§ COLLECTED DATA:
══════════
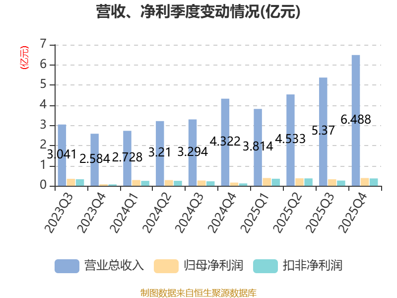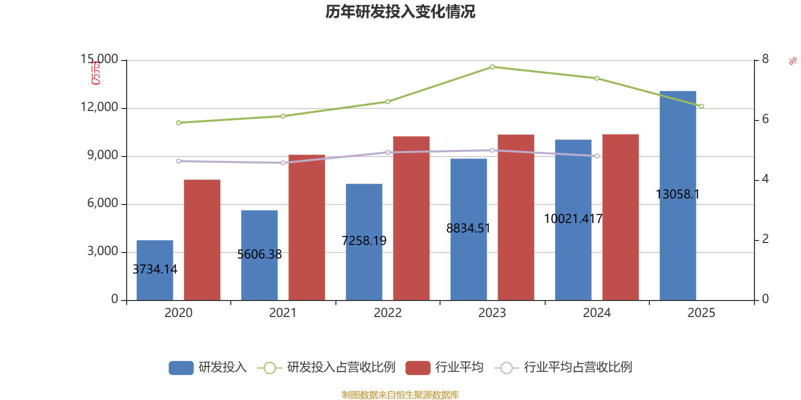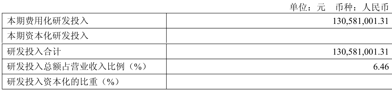 2025年全年,公司研发投入金额为1.31亿元,同比增长30.3%;研发投入占营业收入比例为6.46%,相比上年同期下降0.93个百分点。此外,公司全年研发投入资本化率为0%。
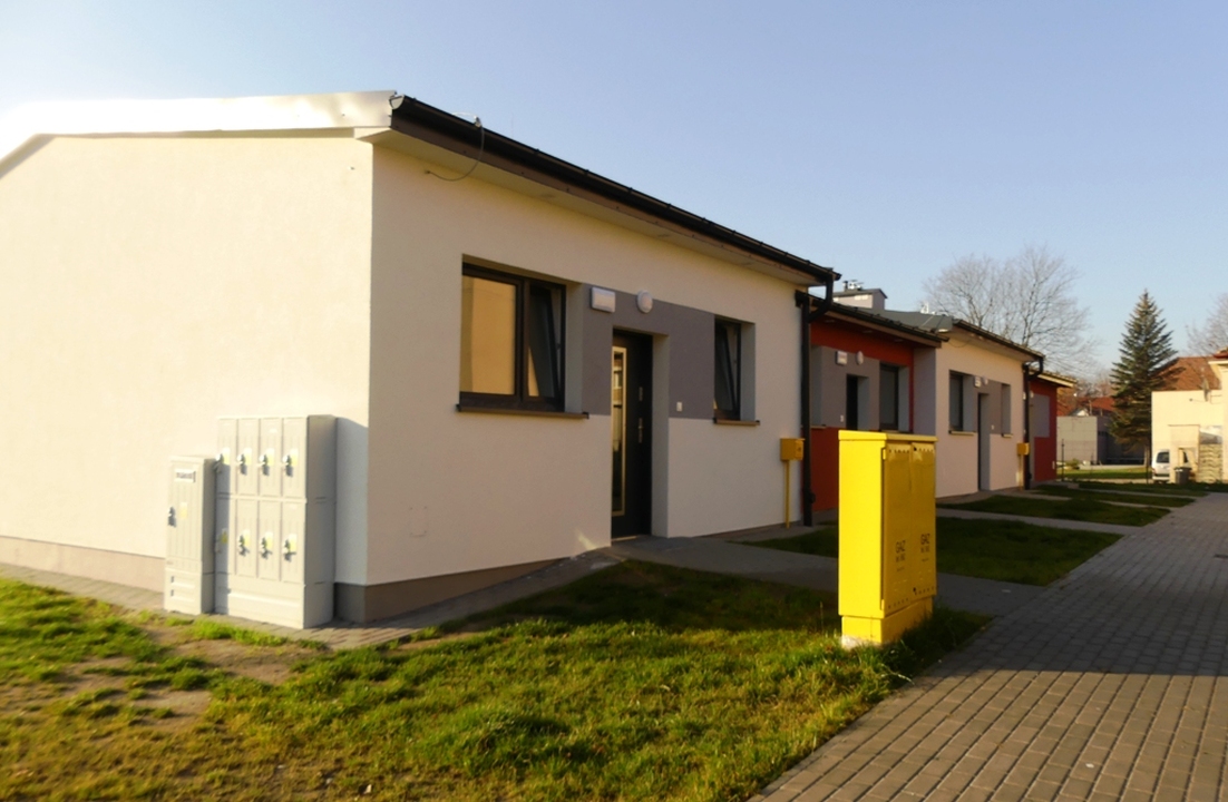 Miasto zbudowało dwa  wolnostojące, jednokondygnacyjne  budynki, położone w tym samym ciągu, co cztery poprzednie budynki z wyjściem na ulicę Fryderyka Chopina. Wzniesiono je w technologii tradycyjnej. W każdym z budynków znajdują się cztery  rodzinne mieszkania. Mniejsze mają po 44,53, a większe 49,31  metrów kwadratowych powierzchni użytkowej. Dachy są płaskie o kącie nachylenia  10 stopni. W budynku „A” znajdują się  4 lokale mieszkalne dwupokojowe, w budynku „B” 3 lokale mieszkalne dwupokojowe i 1 lokal jednopokojowy. W każdym mieszkaniu znajdują się również korytarz,  łazienka z umywalką, toaletą i kabiną natryskową  oraz  wydzielona kuchnia  z kuchenką i piekarnikiem. Dodatkowo w budynku B wydzielono miejsce gromadzenia odpadów stałych. Podłużne bryły budynków zorientowano ścianami szczytowymi w kierunku wschód – zachód, z wejściami do każdego lokalu usytuowanymi od strony północnej poprzez przedsionek. Budynki są wyposażone w instalacje: wodną, kanalizacyjną, elektryczną, gazową, grzewczą i posiadają certyfikaty energetyczne. Na jednym z budynków zamontowano zbiorczą antenę satelitarną, a w każdym z nich jest wewnętrzna sieć internetowa Mieszkania są przestronne, jasne, czyste. Na podłogach pokojowych znajdują się panele, w łazience, w kuchni i korytarzu terrakota. Wszystkie budynki zostały z zewnątrz ocieplone, tak by koszty eksploatacji tych mieszkań w okresie zimowym były jak najniższe. Tutaj jest świetnie. W niewielkiej odległości od budynków znajduje się przedszkole, przychodnia zdrowia, sklepy, średnia szkoła, a do rynku jest zaledwie 500 metrów, mówi jedna z nowych lokatorek budynku socjalnego. Z ośmiu mieszkań trzy przekształcono w lokale komunalne w których zasiedlono rodziny z dziećmi niepełnosprawnymi. Nowe mieszkania  socjalne przydzielono trzem rodzinom czteroosobowym, jedno pięcioosobowej, jedno mniejsze trzyosobowej. Lokatorzy z mieszkań socjalnych zapłacą czynsz po 0,89 zł za metr kwadratowy, resztę w postaci dotacji dla MZBK dopłaci samorząd mówi dyrektor Miejskiego Zarządu Budynków Komunalnych – Maciej Bukowski. Wszystkie prace inwestycyjne pochłonęły łącznie 1.835.528,88 złotych, z czego 580.747 zł pochodziło z dotacji Banku Gospodarstwa Krajowego. Budynki zaprojektowali  „KLJ Architekci" Łukasz Janiak, a zrealizowała inwestycję ARKOM Spółka z o.o.
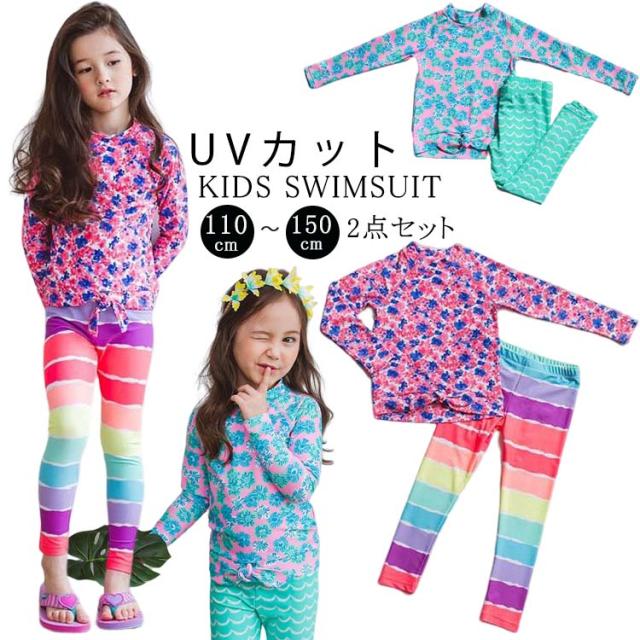 キッズ 水着 女の子 子供 子ども ベビー水着 赤ちゃん 水着 スイムスーツ セパレート ラッシュガード セットアップ 長袖 花柄 スカート レギンス 小学生 お洒落 オレンジ ネイビー 可愛い 80 90 100 110 120 130 140cm
══════════
§ WHAT THE TASK ASKS:
Retype the data shown above exactly, excluding any picture it contains.

§ RESPONSE TO THE TASK:
 2025年全年,公司研发投入金额为1.31亿元,同比增长30.3%;研发投入占营业收入比例为6.46%,相比上年同期下降0.93个百分点。此外,公司全年研发投入资本化率为0%。
 Miasto zbudowało dwa  wolnostojące, jednokondygnacyjne  budynki, położone w tym samym ciągu, co cztery poprzednie budynki z wyjściem na ulicę Fryderyka Chopina. Wzniesiono je w technologii tradycyjnej. W każdym z budynków znajdują się cztery  rodzinne mieszkania. Mniejsze mają po 44,53, a większe 49,31  metrów kwadratowych powierzchni użytkowej. Dachy są płaskie o kącie nachylenia  10 stopni. W budynku „A” znajdują się  4 lokale mieszkalne dwupokojowe, w budynku „B” 3 lokale mieszkalne dwupokojowe i 1 lokal jednopokojowy. W każdym mieszkaniu znajdują się również korytarz,  łazienka z umywalką, toaletą i kabiną natryskową  oraz  wydzielona kuchnia  z kuchenką i piekarnikiem. Dodatkowo w budynku B wydzielono miejsce gromadzenia odpadów stałych. Podłużne bryły budynków zorientowano ścianami szczytowymi w kierunku wschód – zachód, z wejściami do każdego lokalu usytuowanymi od strony północnej poprzez przedsionek. Budynki są wyposażone w instalacje: wodną, kanalizacyjną, elektryczną, gazową, grzewczą i posiadają certyfikaty energetyczne. Na jednym z budynków zamontowano zbiorczą antenę satelitarną, a w każdym z nich jest wewnętrzna sieć internetowa Mieszkania są przestronne, jasne, czyste. Na podłogach pokojowych znajdują się panele, w łazience, w kuchni i korytarzu terrakota. Wszystkie budynki zostały z zewnątrz ocieplone, tak by koszty eksploatacji tych mieszkań w okresie zimowym były jak najniższe. Tutaj jest świetnie. W niewielkiej odległości od budynków znajduje się przedszkole, przychodnia zdrowia, sklepy, średnia szkoła, a do rynku jest zaledwie 500 metrów, mówi jedna z nowych lokatorek budynku socjalnego. Z ośmiu mieszkań trzy przekształcono w lokale komunalne w których zasiedlono rodziny z dziećmi niepełnosprawnymi. Nowe mieszkania  socjalne przydzielono trzem rodzinom czteroosobowym, jedno pięcioosobowej, jedno mniejsze trzyosobowej. Lokatorzy z mieszkań socjalnych zapłacą czynsz po 0,89 zł za metr kwadratowy, resztę w postaci dotacji dla MZBK dopłaci samorząd mówi dyrektor Miejskiego Zarządu Budynków Komunalnych – Maciej Bukowski. Wszystkie prace inwestycyjne pochłonęły łącznie 1.835.528,88 złotych, z czego 580.747 zł pochodziło z dotacji Banku Gospodarstwa Krajowego. Budynki zaprojektowali  „KLJ Architekci" Łukasz Janiak, a zrealizowała inwestycję ARKOM Spółka z o.o.
 キッズ 水着 女の子 子供 子ども ベビー水着 赤ちゃん 水着 スイムスーツ セパレート ラッシュガード セットアップ 長袖 花柄 スカート レギンス 小学生 お洒落 オレンジ ネイビー 可愛い 80 90 100 110 120 130 140cm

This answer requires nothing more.